Permia Sensing, an agriculture company leveraging AI technology and specializing in palm trees, has been honored as a winner of the UAE FoodTech Challenge 2026 during Abu Dhabi Sustainability Week. The company, which operates a team in Sri Lanka, employs AI, bioacoustic sensing, and aerial imaging to enhance yields and protect crops like coconut, oil palm, and dates.
The organizers of the event praised Permia’s innovative use of AI, bioacoustic sensors, and drone imaging to monitor the health of trees, highlighting its large-scale deployment in Sri Lanka. “At Permia, we focus on sensing that works in the real world, at scale, in harsh environments, with messy data and imperfect connectivity,” stated Dr. Hasitha Wegiriya, CTO and Co-founder of Permia Sensing.
As one of the four winning companies, Permia Sensing will receive 500,000 US dollars, contributing to a total prize package of 2 million dollars. This award also includes support to pilot and scale solutions across the UAE and other priority markets in the Global South. “The prize helps us move faster on implementation, more field trials, faster iteration, stronger on-the-ground support, and partnerships that turn insights into action,” Wegiriya added. “The goal is straightforward: make food production more resilient, more efficient, and ultimately more affordable, without pretending one size fits all.”

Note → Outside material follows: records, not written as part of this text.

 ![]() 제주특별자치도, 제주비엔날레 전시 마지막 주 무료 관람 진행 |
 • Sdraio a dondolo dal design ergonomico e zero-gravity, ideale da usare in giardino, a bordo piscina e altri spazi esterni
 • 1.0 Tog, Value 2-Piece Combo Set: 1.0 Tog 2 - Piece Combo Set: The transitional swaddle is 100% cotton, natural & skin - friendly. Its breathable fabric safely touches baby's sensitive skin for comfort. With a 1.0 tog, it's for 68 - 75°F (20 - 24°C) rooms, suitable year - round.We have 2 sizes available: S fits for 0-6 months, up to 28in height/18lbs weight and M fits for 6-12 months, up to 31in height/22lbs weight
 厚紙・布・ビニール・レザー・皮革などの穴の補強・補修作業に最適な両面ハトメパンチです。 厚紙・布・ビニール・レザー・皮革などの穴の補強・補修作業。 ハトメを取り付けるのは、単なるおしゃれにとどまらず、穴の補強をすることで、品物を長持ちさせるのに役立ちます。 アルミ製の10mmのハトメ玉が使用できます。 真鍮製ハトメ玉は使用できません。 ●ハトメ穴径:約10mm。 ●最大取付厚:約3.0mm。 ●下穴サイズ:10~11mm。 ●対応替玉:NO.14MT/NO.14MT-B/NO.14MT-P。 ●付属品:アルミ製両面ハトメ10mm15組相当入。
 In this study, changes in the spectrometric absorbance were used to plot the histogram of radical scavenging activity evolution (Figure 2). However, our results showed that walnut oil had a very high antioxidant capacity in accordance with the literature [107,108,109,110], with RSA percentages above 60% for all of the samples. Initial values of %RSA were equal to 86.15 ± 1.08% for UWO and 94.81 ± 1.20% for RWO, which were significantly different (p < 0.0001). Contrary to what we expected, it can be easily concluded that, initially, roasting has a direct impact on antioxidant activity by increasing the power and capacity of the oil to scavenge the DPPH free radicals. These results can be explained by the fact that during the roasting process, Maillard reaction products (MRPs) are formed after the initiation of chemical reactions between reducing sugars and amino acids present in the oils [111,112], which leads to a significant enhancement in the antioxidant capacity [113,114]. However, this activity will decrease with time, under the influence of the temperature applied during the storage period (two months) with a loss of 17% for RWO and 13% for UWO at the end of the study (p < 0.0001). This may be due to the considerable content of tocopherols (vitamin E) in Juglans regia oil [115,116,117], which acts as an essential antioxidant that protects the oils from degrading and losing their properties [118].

Permia Sensing’s operations in Sri Lanka have been instrumental in transforming local research and field experience into practical, exportable technology tailored for the realities of the Global South. The company manages approximately 10,000 hectares of coconut and oil palm plantations on the island, creating jobs in agronomy, field operations, drone and sensor deployment, data annotation, and machine learning. This initiative supports the development of a modern agricultural technology workforce locally.
Looking ahead, Permia Sensing plans to expand internationally, with growth targeted in India, West Asia, West Africa, and Southeast Asia. Two of the company’s co-founders are Sri Lankan, and its efforts in the region underscore the challenges faced by farming systems in the Global South, including climate volatility, water constraints, and fragile supply chains.